If, after you have provided the above information, we are unable to verify your identity and/or authority to issue the request, we may reach out to you for further verification information.
As a reminder, any deletion actions we take in response to your request are not reversible and may result in Udacity (or you) being unable to retrieve information about your account, enrollment, and records of completion. Please also keep in mind that all removals of such information are subject to requirements to maintain certain data in our archives for legal or legitimate business purposes.
If you have any questions about this request please see our Privacy Policy or let us know.
> A statement under penalty of perjury that all information in your request is truthful and that this is your User Account or that you have the authorization to make the request on behalf of the owner of the User Account
That strikes me as really extreme. If I had an Udacity account and someone tried to delete it, I would be annoyed, but I wouldn't seek to press criminal charges against them.

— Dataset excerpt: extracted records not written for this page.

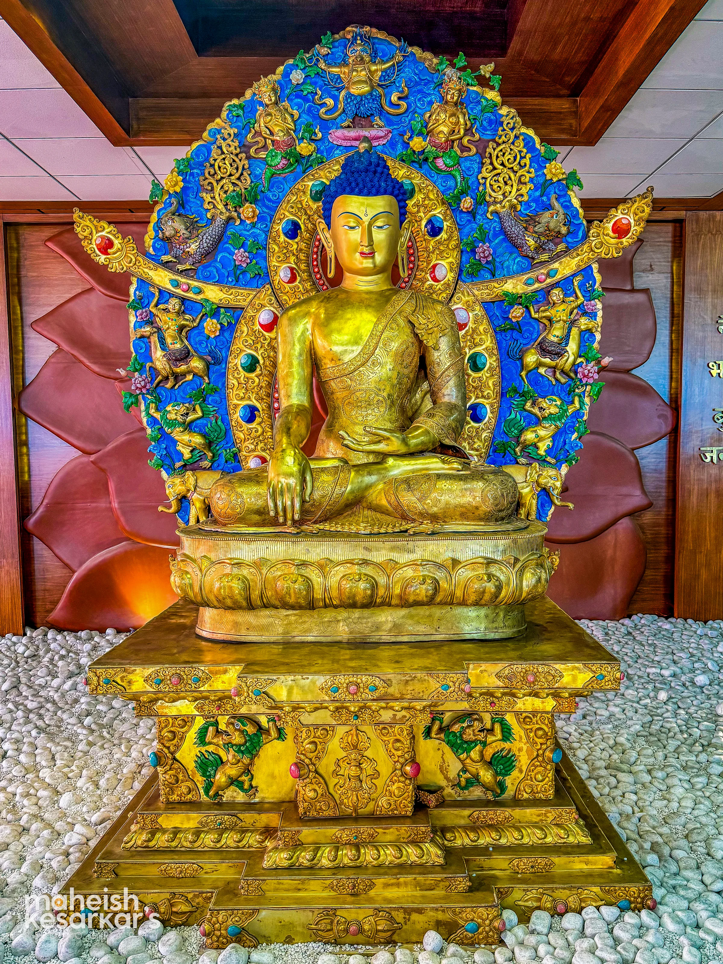 Golden Buddha Statue with Ornate Halo – A Symbol of Peace and Enlightenment in Nepal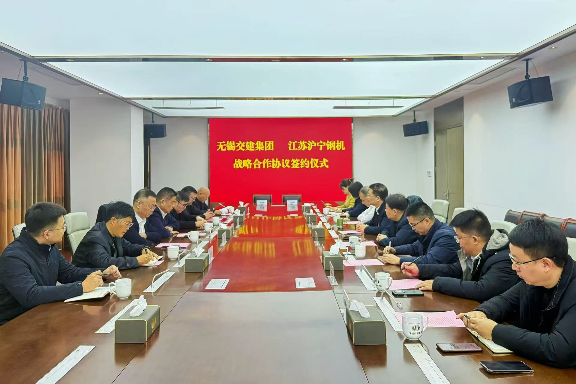 12月28日,无锡交建集团与江苏沪宁钢机股份有限公司签署战略合作协议,市交通集团党委书记、董事局主席许青凯,宜兴市委常委、副市长张敏,市交通集团党委委员、副总裁朱冬青,宜兴市财政局党组书记、局长,周铁镇党委书记吴林,宜兴市住房和城乡建设局党组书记、局长王洪中,阳羡生态旅游度假区党工委委员、张渚镇党委书记马彬强出席签约仪式。无锡交建集团党委书记、董事长蒋海峰,总经理陈光明,副总经理袁霞、胡未艾、达杨,江苏沪宁钢机党总支书记、董事长王寅大,副总经理李仁革等参加活动。
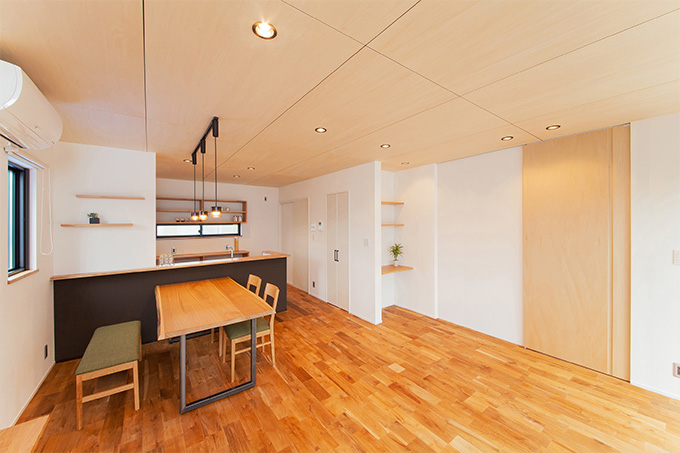 規格外の大きさが必要な空間にこそ活きる大型ドア。その名の通りモンスターサイズの引き戸が空間をスマートに仕切る。大きいことの価値。それは住む人の心に力強さと安心感を生むこと。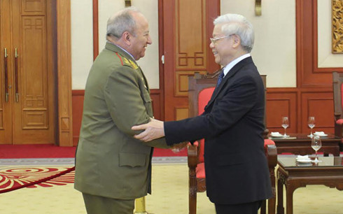![]() El secretario general del PCV, Nguyen Phu Trong, recibe al ministro de las Fuerzas Armadas Revolucionarias de Cuba,Leopoldo Cintra Frías (Foto: VOV)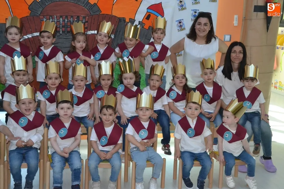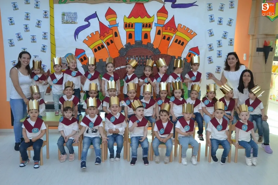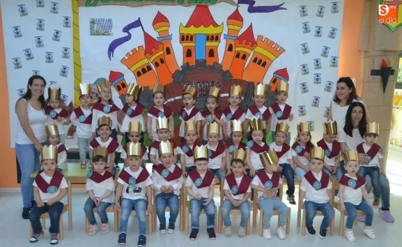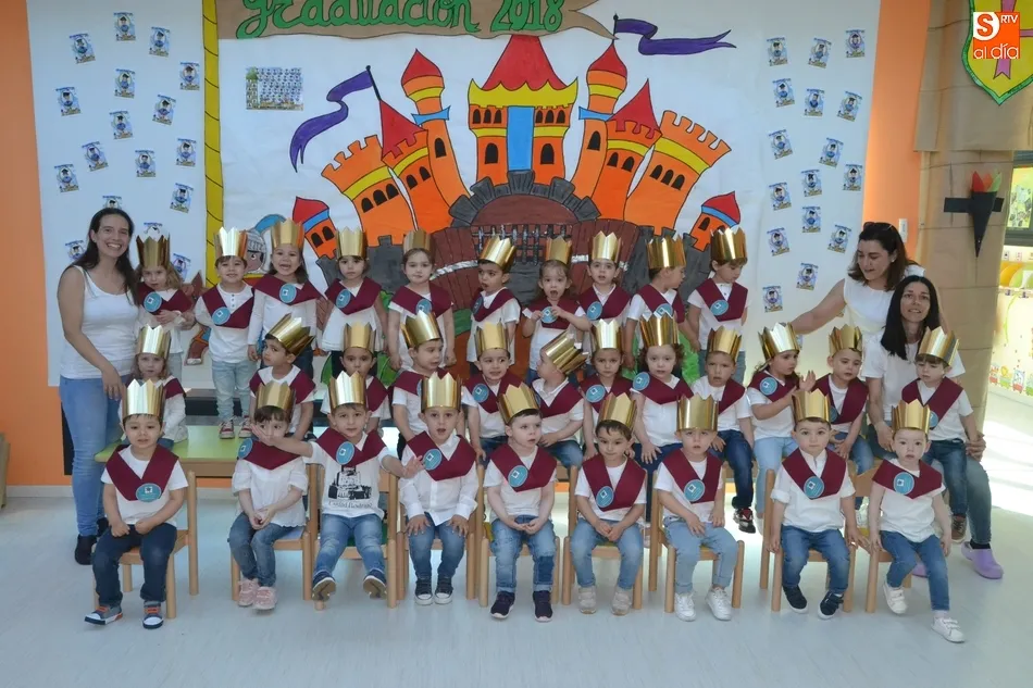 De este modo, a los alumnos no se les colocó ?junto a las bandas- el clásico birrete, sino una corona, siendo investidos caballeros y princesas, según apuntaban las responsables de la Escuela Infantil. En total, este año se gradúan 36 niños y niñas (3 más que el curso pasado), nacidos todos ellos en el año 2015.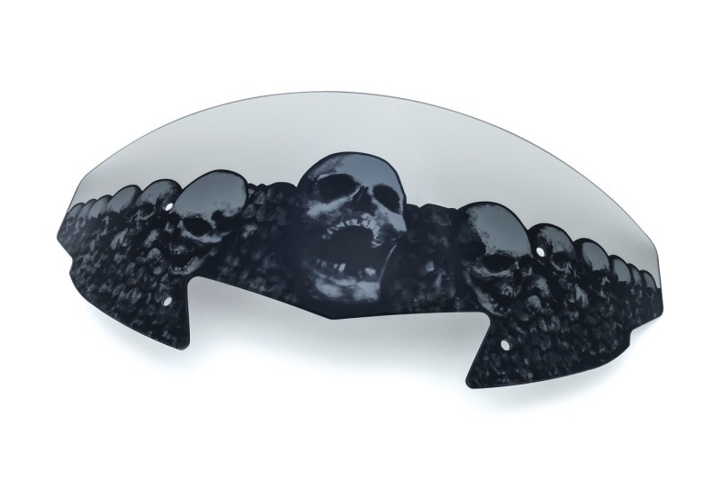 Kuryakyn is fired up to offer this top-quality, custom windshield for Victory Cross Country & Magnum models. This high-end windshield is custom-formed from premium materials using a proprietary process. Manufactured from quality, hard-coated polycarbonate that will not crack or shatter upon impact unlike acrylic. Choose between the Catacomb, Tribal and Zombie designs that are screen-printed with proprietary ink, making the images unbelievably sharp and durable. The center air scoop has been enlarged to reduce turbulent airflow and match the sharp lines of the fairing. Graphics are printed behind a light smoke material and fill the bottom portion of the windshield, leaving the top clear for an unobstructed view. Windshield is 10" tall.

Their concern is probably someone deleting somebody else's account, along with all record of courses completed, etc. Is it possible to have an Udacity account if you're not actually paying them? If so, "account removed" and "unpaid account" are very different things and the transition between them is one-way.
> Their concern is probably someone deleting somebody else's account
Yes, that's what I meant. If some stranger deleted my account, I don't think I would be angry enough to attempt to press criminal perjury charges against them.
It may depend on the real-world relevance of the courses you've taken.
What happens if you're taking part in the Georgia Tech/Udacity online Master's in Computer Science, and suddenly all of your course history on Udacity is gone? Are you then stuck with remotely trying to access records through whatever GA Tech has retained for MOOC students in a degree program? Does it prevent you from signing up for additional courses because there's no record of you completing the prerequisites? Does their platform have a provision for overriding those prerequisites, and what would that have to be based on - word from a professor who taught a MOOC, has never seen you or your work and probably depends on Udacity's listings?
A similar situation could arise if the platform is being used for mandatory continuing education credits in fields that have that. An industry that has CE requirements would often be well-served to partner with an established and stable online learning platform rather than building their own. If you're required to take X hours of CE annually to retain a license but the only proof you have is a PDF certificate from someplace that says "We've never heard of this person," do you qualify or do you end up in licensing/certification hell?
It depends on what an account deletion means, yeah. Is there a GDPR for universities that makes them delete all history of your attendance at that institute? Do customer privacy laws force Udacity to do a more thorough deletion than you might expect if you're treating it like a website rather than a university or vice-versa?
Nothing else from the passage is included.